Audit Procedures (Inventory) Before Count
• Contact client to obtain a copy of the inventory count instructions,
to understand how the count will be conducted and assess the
effectiveness of the count process.
• Inspect prior year working papers to understand the inventory
count process and identify any issues that would need to be taken
into account this year.
• Book audit staff to attend the inventory counts.
• Ascertain whether any inventory is held by third parties, and if
applicable determine how to gather sufficient appropriate evidence.
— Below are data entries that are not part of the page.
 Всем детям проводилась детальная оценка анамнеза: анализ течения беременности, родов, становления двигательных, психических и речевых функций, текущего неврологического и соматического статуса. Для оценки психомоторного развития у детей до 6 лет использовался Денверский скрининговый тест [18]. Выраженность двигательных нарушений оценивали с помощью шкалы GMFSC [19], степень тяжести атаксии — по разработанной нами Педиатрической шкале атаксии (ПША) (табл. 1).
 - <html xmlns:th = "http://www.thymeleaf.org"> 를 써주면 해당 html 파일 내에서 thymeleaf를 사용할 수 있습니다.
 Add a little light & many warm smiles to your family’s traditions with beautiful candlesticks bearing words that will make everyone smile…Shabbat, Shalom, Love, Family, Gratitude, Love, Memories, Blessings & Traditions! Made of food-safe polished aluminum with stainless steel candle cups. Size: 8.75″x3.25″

• Consider the need for using an expert to assist in valuing the
inventory being counted.
• Send a letter requesting direct confirmation of inventory balances
held at year end from any third party warehouse providers used
regarding quantities and condition.
Audit Procedures (Inventory) Test of Controls
• Non-warehouse staff performing and managing the count.
• Sections of inventory being tagged or marked as counted
to prevent double counting.
• Counts sheets written in pen rather than pencil.
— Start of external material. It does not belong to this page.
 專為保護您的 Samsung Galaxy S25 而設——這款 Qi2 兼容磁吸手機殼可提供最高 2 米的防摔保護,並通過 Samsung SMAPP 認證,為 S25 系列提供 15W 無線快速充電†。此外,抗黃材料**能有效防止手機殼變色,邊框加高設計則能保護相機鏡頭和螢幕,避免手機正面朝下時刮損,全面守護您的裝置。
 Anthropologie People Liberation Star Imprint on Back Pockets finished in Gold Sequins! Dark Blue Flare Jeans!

• No movements of inventory during the count.
• Sequentially numbered count sheets and a sequence
check performed once the count is complete.
• Teams of two people performing the count.
• Count sheets show the description of the goods but do not
show the quantities expected to be counted.
• Damaged / obsolete items must be separately identified
so they can be valued appropriately.
Audit Procedures (Inventory) Test of Controls
• Select a sample of items from the inventory count sheets and
physically inspect the items in the warehouse: (existence).
• Select a sample of physical items from the warehouse and trace
to the inventory count sheets to ensure that they are recorded
accurately: (completeness).
• Enquire of management whether goods held on behalf of third
parties are segregated and recorded separately: (R&O).
• Inspect the inventory being counted for evidence of damage or
obsolescence that may affect the net realizable value: (valuation).
• Record details of the last deliveries prior to the year end. Ensure
that no amendments were made: (completeness & existence).
• Obtain copies of inventory count sheets at the end of the
inventory count, ready for checking against final inventory listing
after the inventory count: (completeness and existence).
Audit Procedures (Inventory) After Count
• Trace the items counted during the inventory count to the final
inventory list to ensure it is the same as the one used at the year-
end and to ensure that any errors identified during counting
procedures have been rectified: (completeness).
• Cast the list (showing finished goods, WIP and raw materials) to
ensure arithmetical accuracy and agree totals to financial
statement disclosures: (completeness).
• Inspect purchase invoices for a sample of inventory items to
agree their cost (valuation).
• Inspect purchase invoices for the name of the client (rights).
• Inspect post year-end sales invoices for a sample of inventory
items to determine if the net realizable value is reasonable. This
will also assist in determining if inventory is held at the lower of
cost and net realizable value: (valuation).